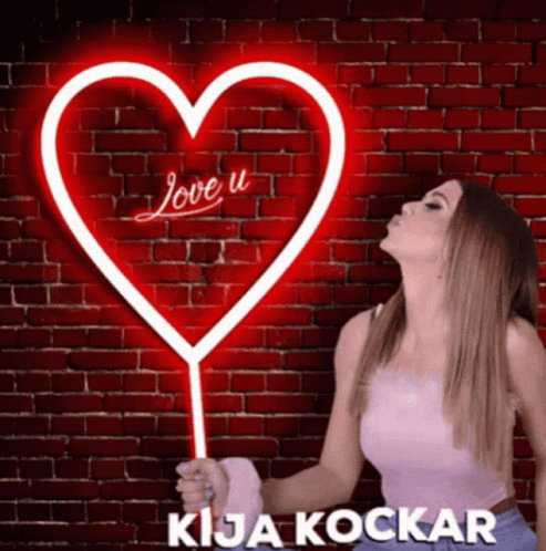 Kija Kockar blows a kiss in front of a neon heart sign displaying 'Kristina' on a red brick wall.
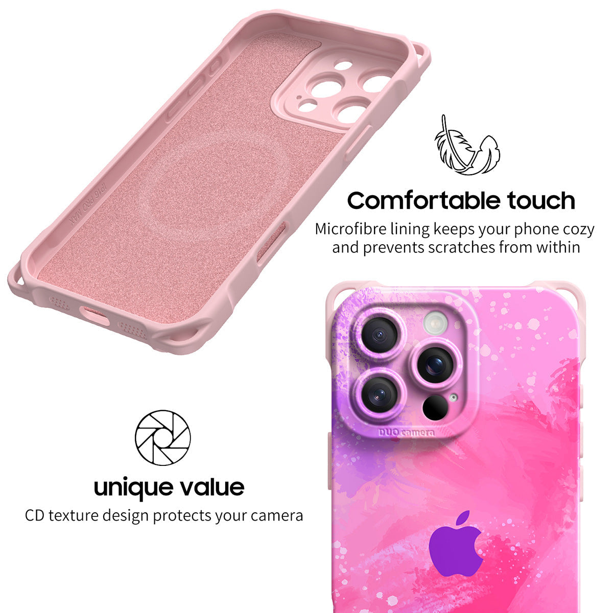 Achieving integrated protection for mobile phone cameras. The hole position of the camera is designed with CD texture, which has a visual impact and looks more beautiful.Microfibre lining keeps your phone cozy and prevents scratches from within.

--

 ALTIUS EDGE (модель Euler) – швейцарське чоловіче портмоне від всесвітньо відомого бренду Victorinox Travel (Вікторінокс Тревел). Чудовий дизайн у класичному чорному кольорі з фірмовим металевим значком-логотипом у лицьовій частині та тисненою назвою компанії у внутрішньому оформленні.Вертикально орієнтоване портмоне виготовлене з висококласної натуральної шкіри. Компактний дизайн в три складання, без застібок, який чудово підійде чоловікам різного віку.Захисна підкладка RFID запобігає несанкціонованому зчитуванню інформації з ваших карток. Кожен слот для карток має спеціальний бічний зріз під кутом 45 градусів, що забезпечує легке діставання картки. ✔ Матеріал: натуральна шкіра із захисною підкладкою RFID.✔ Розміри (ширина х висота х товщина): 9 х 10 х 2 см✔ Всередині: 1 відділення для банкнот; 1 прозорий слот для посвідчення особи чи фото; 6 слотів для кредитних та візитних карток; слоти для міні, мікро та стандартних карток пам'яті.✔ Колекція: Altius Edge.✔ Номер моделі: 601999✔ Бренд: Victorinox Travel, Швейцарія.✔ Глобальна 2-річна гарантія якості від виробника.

** Directions **
Although pictures appear among the records above, none are to be output; print exactly the lines from the line containing "Kija Kockar blows" through the line containing "Achieving integrated protection".

** Answer to the problem **
 Kija Kockar blows a kiss in front of a neon heart sign displaying 'Kristina' on a red brick wall.
 Achieving integrated protection for mobile phone cameras. The hole position of the camera is designed with CD texture, which has a visual impact and looks more beautiful.Microfibre lining keeps your phone cozy and prevents scratches from within.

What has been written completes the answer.